How do the lines below between the ones holding "卡通垃圾桶-小熊印花+小熊耳朵白粉" and "Arroz salteado al", inclusive, read? Give them again exactly, with no other lines.

Available data:
============

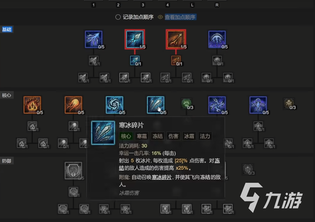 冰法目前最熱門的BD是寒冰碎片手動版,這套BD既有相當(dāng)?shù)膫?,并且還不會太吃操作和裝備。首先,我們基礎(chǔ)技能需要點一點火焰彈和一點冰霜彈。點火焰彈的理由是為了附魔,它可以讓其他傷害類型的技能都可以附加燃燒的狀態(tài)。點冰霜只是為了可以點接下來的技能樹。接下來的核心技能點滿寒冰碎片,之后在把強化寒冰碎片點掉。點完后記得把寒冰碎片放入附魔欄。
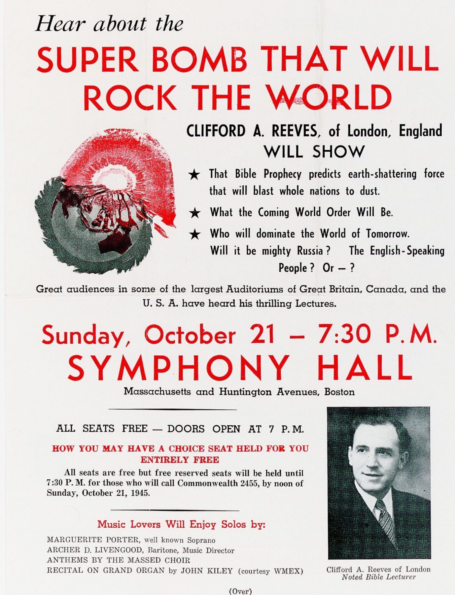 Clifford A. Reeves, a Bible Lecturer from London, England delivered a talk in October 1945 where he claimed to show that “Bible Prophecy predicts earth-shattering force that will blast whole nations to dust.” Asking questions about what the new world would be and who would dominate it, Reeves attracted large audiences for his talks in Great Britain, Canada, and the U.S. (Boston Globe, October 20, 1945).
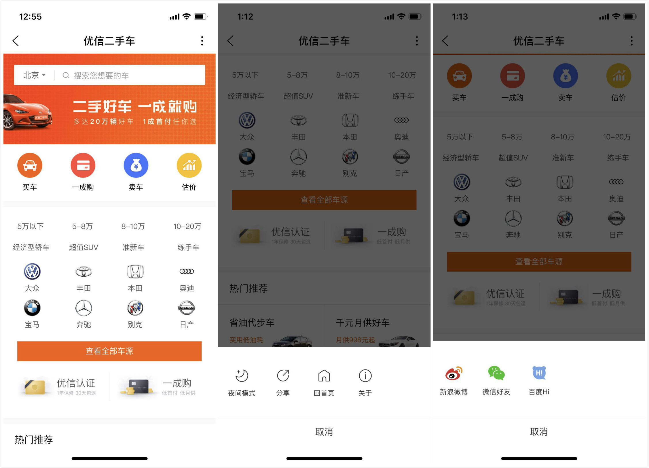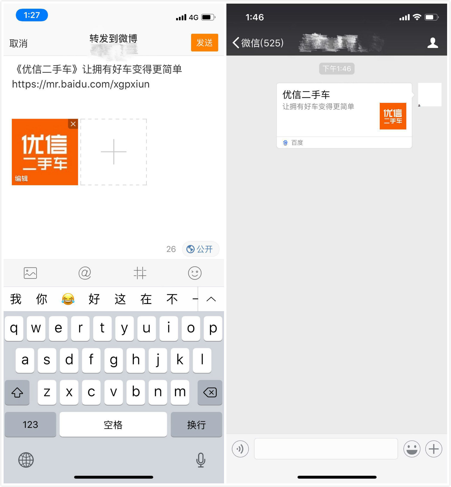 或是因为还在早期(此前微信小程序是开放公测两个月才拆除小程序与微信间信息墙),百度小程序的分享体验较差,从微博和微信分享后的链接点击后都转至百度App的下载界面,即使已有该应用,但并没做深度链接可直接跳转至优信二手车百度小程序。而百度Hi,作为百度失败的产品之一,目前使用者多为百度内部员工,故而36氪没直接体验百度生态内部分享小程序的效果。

============

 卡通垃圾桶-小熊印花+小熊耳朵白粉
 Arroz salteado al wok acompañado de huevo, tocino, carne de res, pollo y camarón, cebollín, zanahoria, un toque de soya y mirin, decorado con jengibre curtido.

============

Expected answer:
 卡通垃圾桶-小熊印花+小熊耳朵白粉
 Arroz salteado al wok acompañado de huevo, tocino, carne de res, pollo y camarón, cebollín, zanahoria, un toque de soya y mirin, decorado con jengibre curtido.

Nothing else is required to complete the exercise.